Yearly DirectStorage rant (Part 3)...


Yeah, I know this is getting bothersome and tiring but, as we finally approach the release date of Forspoken - the first game to include DirectStorage as a way of managing data from the storage device on your PC - I've noticed a trend of people posting about the topic in a very uncritical manner.

So, let's take a quick look at that and let me tell you my doubts...


I don't hate it, I just don't like it...


Look, by now you probably have the feeling that I have some sort of vendetta or family blood feud with DirectStorage (DS for short); I don't! I really don't. But I do have the opinion that these developmental resources could have been better spent elsewhere and that developers could be demanding a larger quantity of system RAM and using more CPU cores instead of requiring more expensive NVMe SSD technology instead of using the already fully taxed GPU to improve data loading. The PC is not a console and shouldn't have console-focussed technologies applied to it because their purposes and strengths are largely very different.

I also do not like how this technology has been presented... with very misleading comparisons and obfuscated improvements (as I detailed last time).

This is, once more, one of those times.


Why all the fuss?



Avoca-doh's...


The thing that got me to write about this subject again was the recent resurgence of the Avocado bulk load demo (that was put out last November) in the tech media/tech-affiliated people I have ended up in a circle with on Twitter. Oh, and another follow-up post from Tom's Hardware regarding Arc performance.

The trouble here is that I don't think these numbers mean what people think they mean.

The first, most important caveat is that the bulk load demo is not doing any bulk loading of different data. It's just a demo for how to implement the feature/API calls in a shipping piece of software. There is just a single model and (as far as I can see) two textures for that model which are batch loaded multiple times in a (presumably) single request.

As a result there are several things that stand out to me:
  • The whole programme, plus model and textures, clocks in around 30-40 MB, at most.
  • Many SSDs use a DRAM read cache. Some do not.
  • System RAM is still used in this demo.
So, what is actually being measured here?

It's certainly not moving 8 GB of data into the VRAM (based on my 16 GB buffer). What it is doing is moving the repeatedly requested compressed files into RAM and then shoving them onto the VRAM/GPU for decompression.

Seems my SN750 and RAM are working at the correct bandwidth... but what's with that VRAM value?
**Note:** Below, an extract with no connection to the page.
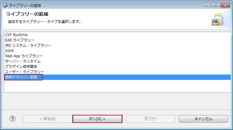 | ビルド・パスにドライバー・ライブラリーを追加 | 非選択 |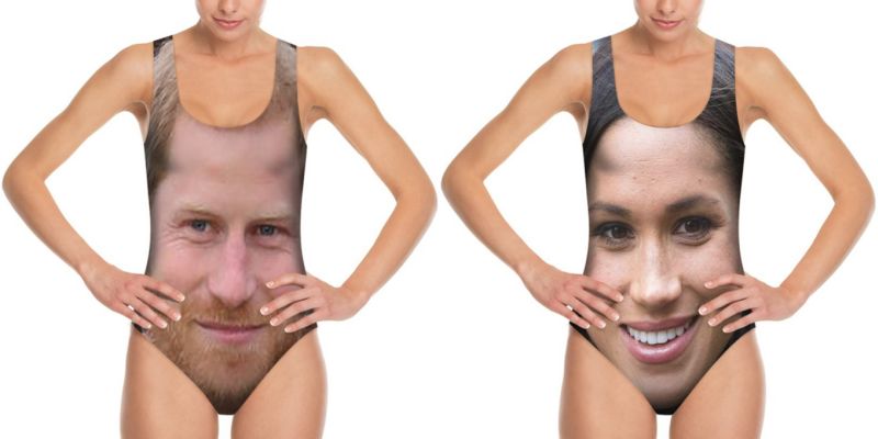 Еще одна фирма предлагает на своем сайте купальники с портретами Гарри и Меган. Предполагается, что клиент может выбрать рисунок самостоятельно. На сайте магазина представлено несколько вариантов. Стоит такой купальник от $38.

It's easy to show huge bandwidth numbers when you're taking the final uncompressed number. First off, the numbers reported are just theoretical - it's the amount of data that is moved divided by the amount of time to move the compressed data and uncompress it. If we wanted to be more accurate, the values should be labelled "effective" instead of presenting them as an absolute number.

My own calculations put the actual amount of data transferred from the storage device to be around 2.4 GB (taken as an average across three different drives). If you have a smaller VRAM quantity, then the number of textures transferred is adjusted appropriately - so my RTX 3070 sees only 2560 textures transferred, for example.

The problem I have now with people really loving these high numbers, is four-fold:

  1. The SSD doesn't need to look-up multiple addresses for myriad files spread across the storage media - so the latency and pentalty for doing so is not accounted for here.
  2. Once read, the DRAM read cache on the SSD will likely be storing these files - they are no longer being read from the disk at this point.
  3. The data is still being written into system memory before being read to VRAM and then wiped - it's an egregious waste of RAM. The following times the data is read in the subsequently repeating tests could be MUCH faster than it is.
  4. For multiple of the same object with the same textures, there is no reason or need to even perform this (though, of course, I appreciate this is a concept demo - as I stated above).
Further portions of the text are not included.